→ WHAT TO WORK ON
The answer is the full listing restated exactly, without any pictures.

→ SUPPLIED DATA
____
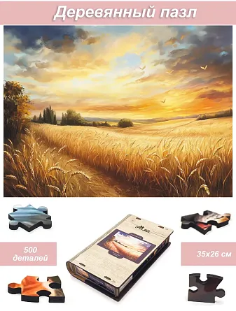 Пазл деревянный Алма 500 деталей. Волшебство природы. Пшеничное поле
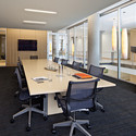 首先,设计小组剥离建筑直到裸露出混凝土楼板,并暴露出其令人印象深刻的水泥蘑菇柱。接下来,一个2层楼高的中庭和大堂贯穿整个建筑,形成对Myrtle Edwards公园,Elliott湾和奥林匹克山的观景。中庭的外围是由设置在简洁、石膏抹灰的柱子之间的通高的玻璃墙围成的,而光滑电缆栏杆的桥梁连接了中庭二楼的长廊。精心细致简约的建筑元素——白色水磨石地板和不锈钢配件与大量使用的灰镶板相衬。一系列的雪茄形吊灯延长中庭的长度和并使得空间更为生动。接待区是由皮革软垫休息座椅和竹台组成。一个完全配备的会议室可俯瞰大堂,并提供给所有建筑的租户。
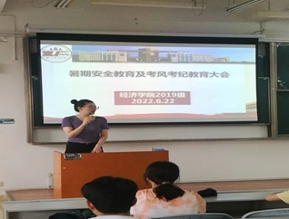 随后,辅导员祝越、周瑾萱老师就学生实习过程纪律与安全方面提出了几点要求。一是遵章守纪。专业实习期间一定要遵守纪律,听从指挥,严格遵守实习单位管理制度,坚决服从指导老师和实习单位领导安排,始终抱有虚心好学的态度,有问题及时与单位指导老师联系,询问解决方法。二是善始善终。实习期间,不得私自离开实习单位,遇到困难积极求教并解决,不要轻易退缩,要做到善始善终,坚持到底。三是注意安全。学生务必提高安全防范意识,注意疫情防控安全、出行安全、人身财产安全、饮食安全等。
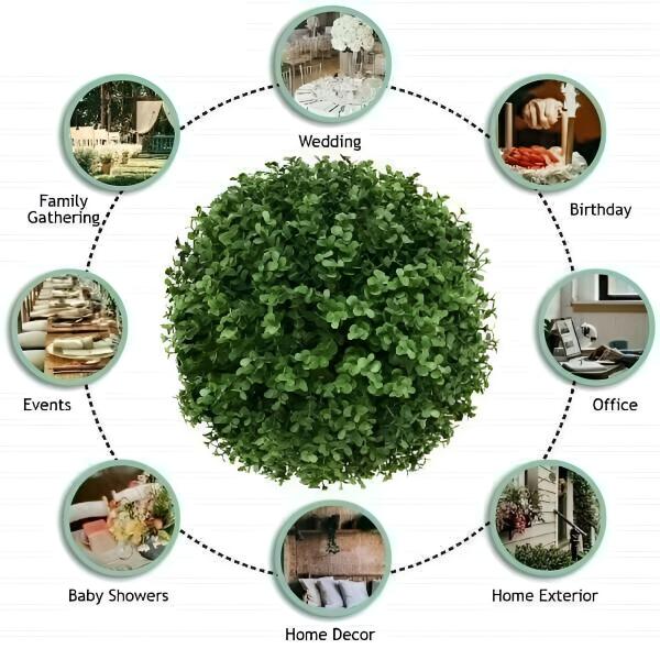 Dimenticatevi la seccatura della cura quotidiana delle piante! Queste sfere di piante artificiali sono progettate per essere splendide in qualsiasi ambiente, sia all’interno che all’esterno. Godetevi il verde vibrante tutto l’anno senza preoccuparvi di appassire o seccare. Perfette per il giardino, il patio, il soggiorno o l’ufficio, queste sfere decorative per piante elevano qualsiasi ambiente senza alcuno sforzo!
____
→ EXERCISE OUTPUT
 Пазл деревянный Алма 500 деталей. Волшебство природы. Пшеничное поле
 首先,设计小组剥离建筑直到裸露出混凝土楼板,并暴露出其令人印象深刻的水泥蘑菇柱。接下来,一个2层楼高的中庭和大堂贯穿整个建筑,形成对Myrtle Edwards公园,Elliott湾和奥林匹克山的观景。中庭的外围是由设置在简洁、石膏抹灰的柱子之间的通高的玻璃墙围成的,而光滑电缆栏杆的桥梁连接了中庭二楼的长廊。精心细致简约的建筑元素——白色水磨石地板和不锈钢配件与大量使用的灰镶板相衬。一系列的雪茄形吊灯延长中庭的长度和并使得空间更为生动。接待区是由皮革软垫休息座椅和竹台组成。一个完全配备的会议室可俯瞰大堂,并提供给所有建筑的租户。
 随后,辅导员祝越、周瑾萱老师就学生实习过程纪律与安全方面提出了几点要求。一是遵章守纪。专业实习期间一定要遵守纪律,听从指挥,严格遵守实习单位管理制度,坚决服从指导老师和实习单位领导安排,始终抱有虚心好学的态度,有问题及时与单位指导老师联系,询问解决方法。二是善始善终。实习期间,不得私自离开实习单位,遇到困难积极求教并解决,不要轻易退缩,要做到善始善终,坚持到底。三是注意安全。学生务必提高安全防范意识,注意疫情防控安全、出行安全、人身财产安全、饮食安全等。
 Dimenticatevi la seccatura della cura quotidiana delle piante! Queste sfere di piante artificiali sono progettate per essere splendide in qualsiasi ambiente, sia all’interno che all’esterno. Godetevi il verde vibrante tutto l’anno senza preoccuparvi di appassire o seccare. Perfette per il giardino, il patio, il soggiorno o l’ufficio, queste sfere decorative per piante elevano qualsiasi ambiente senza alcuno sforzo!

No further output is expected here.